-- TASK BRIEF --
Copy nothing but the text: reproduce each line of the listing exactly and leave the pictures out.

-- GIVEN INFORMATION --
Segment Open

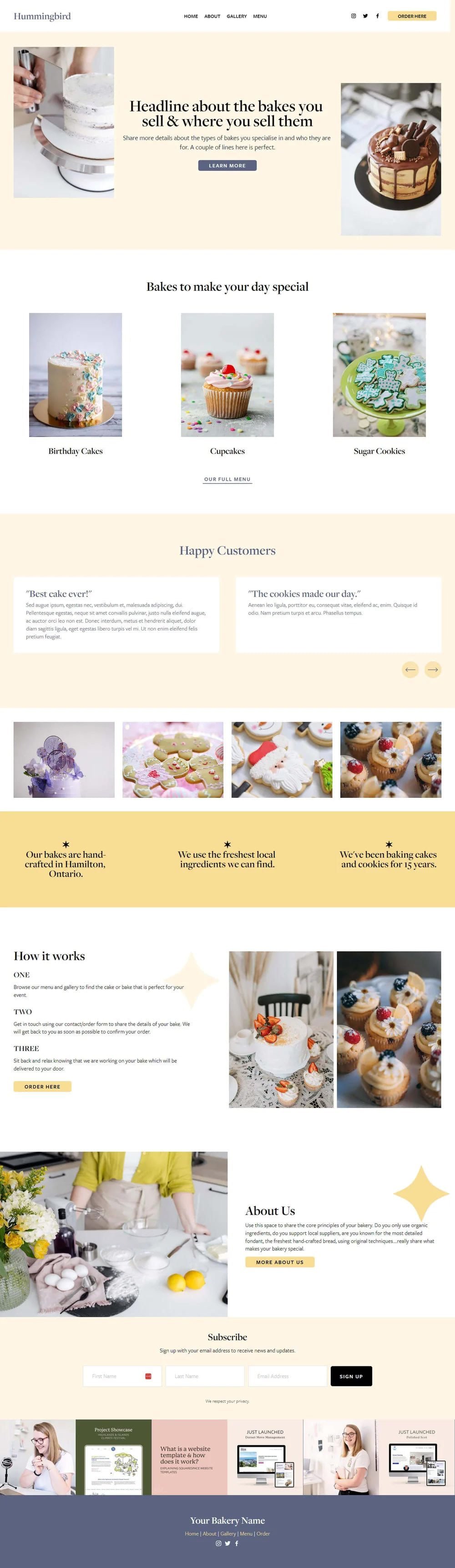 This template does a great job of walking customers through how to order from you, which is huge for custom cakes.
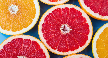 Close-up of a fresh cut grapefruit on a blue surface
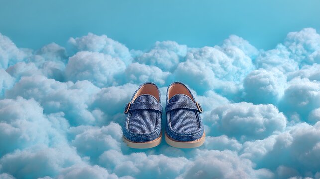 A pair of shoes walking on a cloud represents dreams and freedom.

Segment Closed

-- EXPECTED ANSWER --
 This template does a great job of walking customers through how to order from you, which is huge for custom cakes.
 Close-up of a fresh cut grapefruit on a blue surface
 A pair of shoes walking on a cloud represents dreams and freedom.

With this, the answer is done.